Opened in 1961, the once popular brutalist blocks that dominate Sheffield’s skyline originally contained 994 sought-after council-owned homes. However, the estate began to fall into decline towards the end of the 20th century, when it developed a bad reputation, its poorly-lit walkways known as the sites of muggings and drug deals. In 2004, when developer Urban Splash - famous for breathing new life into historic landmark buildings - and housing association Great Places Housing Group were selected by Sheffield Council for its redevelopment, Park Hill’s future looked bright.

But the economic downturn slowed things down, and only one 78-home ‘flank’ of the £160 million regeneration scheme has so far been completed. This is the first section of the first phase of the development, which includes five phases.

The work has been shortlisted for the Royal Institute of British Architect’s prestigious Stirling Prize for 2013.

A total of 870 dwellings are planned for the estate, 200 of which will be for social rent, 40 for shared ownership and the rest for market sale. The originally mooted 2014 completion date has long been an impossible dream.

Tom Lawrence, development manager at Urban Splash, describes the regeneration of Park Hill as a ‘pre-2007 conception - something we could deliver in big chunks’.

‘Post-2007, mortgage availibility dropped completely out of the market, we then had to adapt that approach,’ he explains. ‘No longer can we deliver 250 apartments straight to market - it saturates too much. Plus you’re unable to get the finance or expose yourself to that level of cash flow.’

Inside Housing visited Park Hill almost six years after Urban Splash began work at the north end of the estate and six months since auditor Deloitte voiced concerns over the company’s long-term viability - the economic downturn has had an impact on Urban Splash’s whole commercial and residential property portfolio, and it has reported pre-tax losses for 2011/12 of £15.4 million.
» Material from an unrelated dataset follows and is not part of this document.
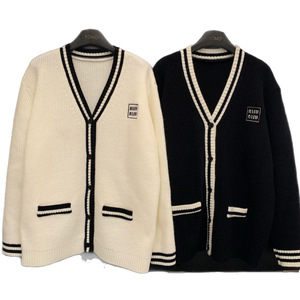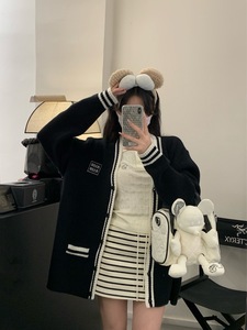 mm家24ss新款学院风撞色V领大版型开衫针织黑白蓝色

Many of the first 78 homes are occupied by newcomers - households that have bought on the market paying upwards of £90,000 for a one-bedroom flat. But social first-lets are ring-fenced for former Park Hill tenants, and since January the 26 properties for social rent have been occupied. Eighteen of these are home to residents who’ve moved from the opposite end of the estate and the remaining eight are tenants that were decanted away from Park Hill and have moved back.

We wanted to find out how residents, both those with new fashionable city centre pads in Flank A and those waiting to move out of their homes elsewhere in the estate, feel about life in Park Hill now. And what is it like not knowing when the scheme will be completed?

Resident involvement

Great Places Housing Group is the landlord for the social homes in Park Hill and will be responsible for managing the whole development once completed. It’s in the process of setting up a residents’ association to help people integrate.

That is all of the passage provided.